# New Tractor



## rroberts53 (Nov 11, 2019)

I am just moving to Colorado. Have 40 acres. May get some more. Looking for the best tractor to get so hopefully wont have to get a new one in a couple of years. Looking for brand name, and size recommendations. I grew up in the country and know some. But is was in different terrain. Grew up in the ozark mountains in Arkansas. So Colorado is very different.


----------



## IH 1586 (Oct 16, 2014)

Need more information. What are you doing with your 40 acres?? Should not out grow 100 hp.


----------



## ttazzman (Sep 29, 2019)

Yep...what are going to do with the tractor....and what brand dealers are in the area your moving to?


----------



## rroberts53 (Nov 11, 2019)

It that area there is all the main ones John Deere, Mahindra, Kubota, and New Holland. Plan on land clearing, fence building, make pads for building. In future will have some livestock


----------



## r82230 (Mar 1, 2016)

Maybe a few test drives could be in order, IMHO, start with a 50-60HP on the low end, 100+ HP tractors on the top end. That will give you a lot of tractors to still consider, but eliminate quite a few also. Remember FWD (nice to have), Cab (nice to have) and a loader (must have), add $$$ every step of the way.

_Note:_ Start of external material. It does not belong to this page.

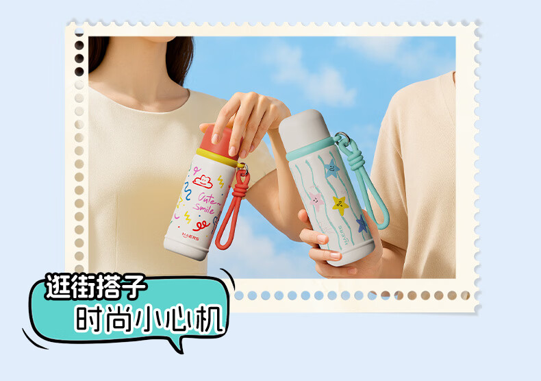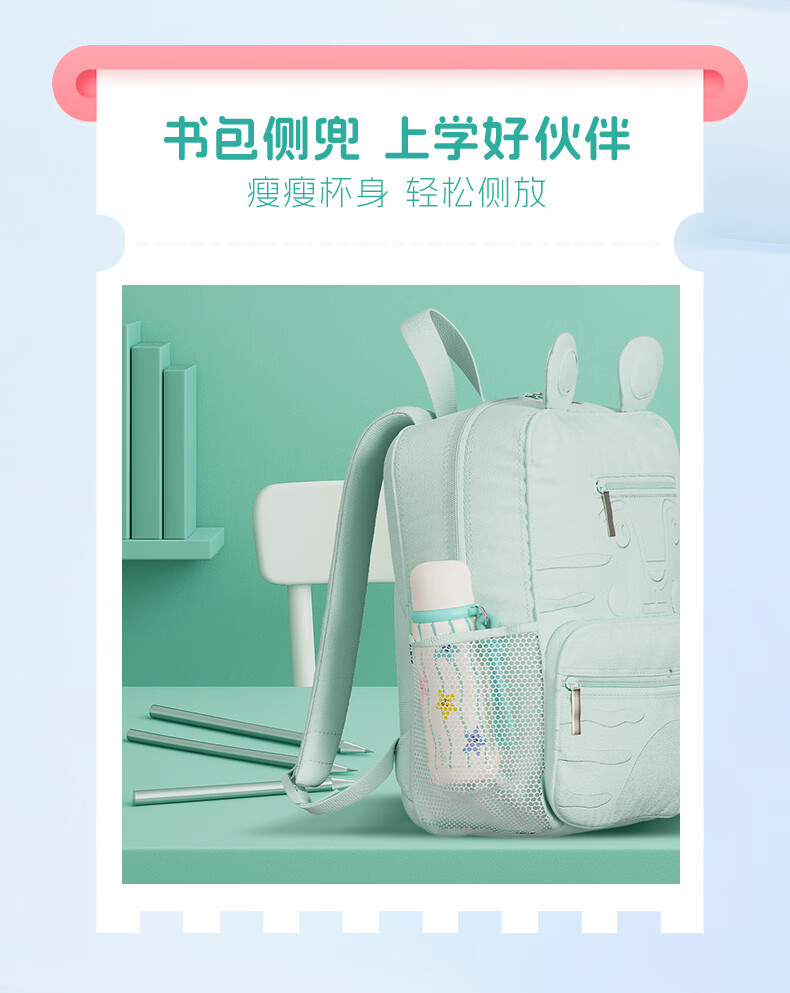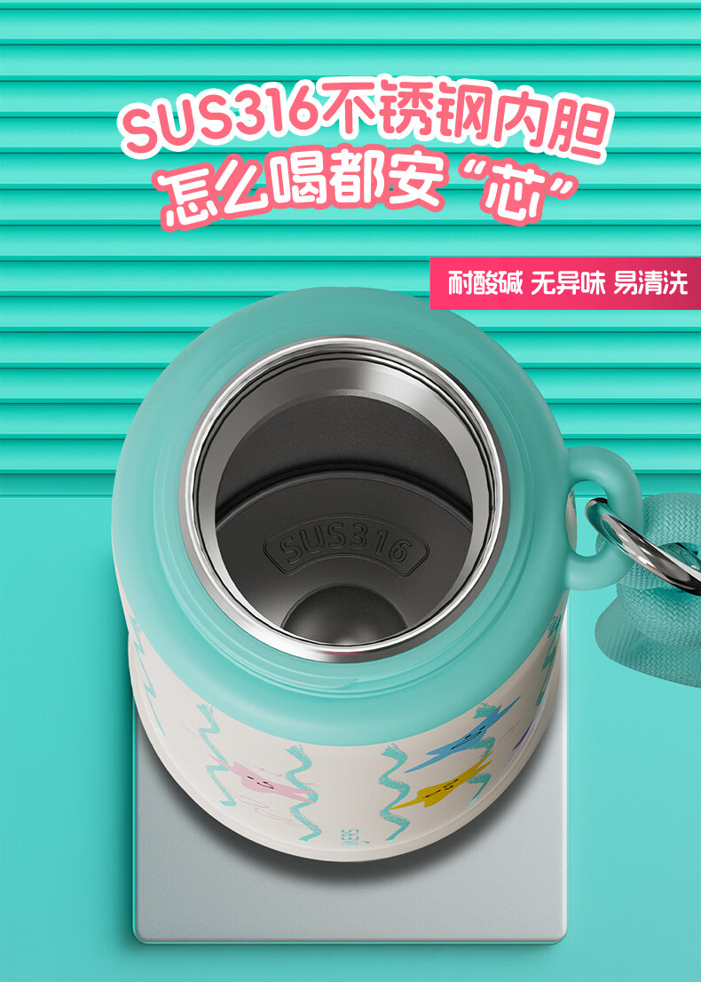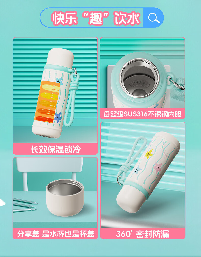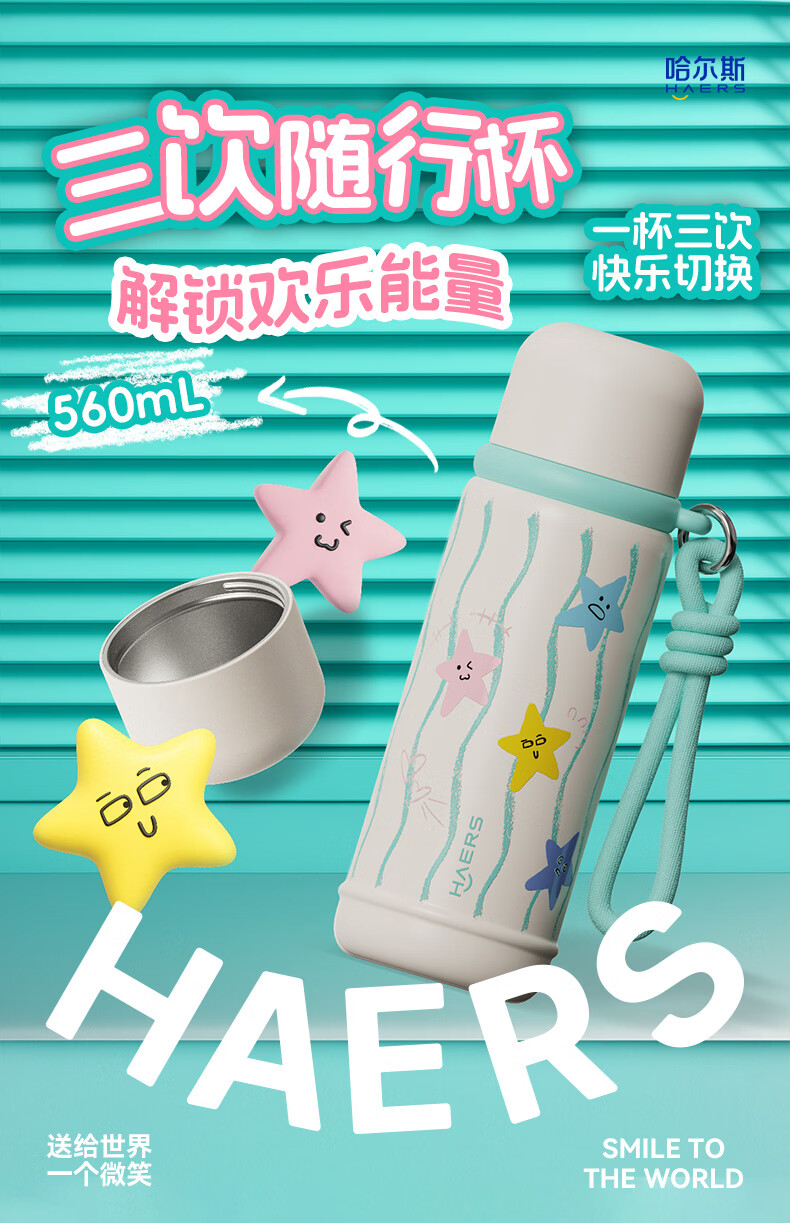 哈尔斯(HAERS)保温杯儿童6-12岁上学专用女生高颜值水杯吸管杯316L三饮水壶提绳

You could also ask around, to see which color dealer has one of the best (knowledgeable) service & parts manager. This answer could help steer you towards the best color for YOUR situation (hoping you are color blind , which could be good).

I'd suggest stay away from the 'utility' tractors (small frame, lightly built, look cute type, that you see around), even though they might be 40-60HP.

Larry


----------



## chevytaHOE5674 (Mar 14, 2015)

Not sure what kind of land clearing and building pads you need to make but it sounds like a good way to abuse and break a farm tractor in a hurry.

Sounds like a job for an excavator or bulldozer.


----------



## carcajou (Jan 28, 2011)

Sounds like a 4x4 backhoe would be a better choice till your done building up.


----------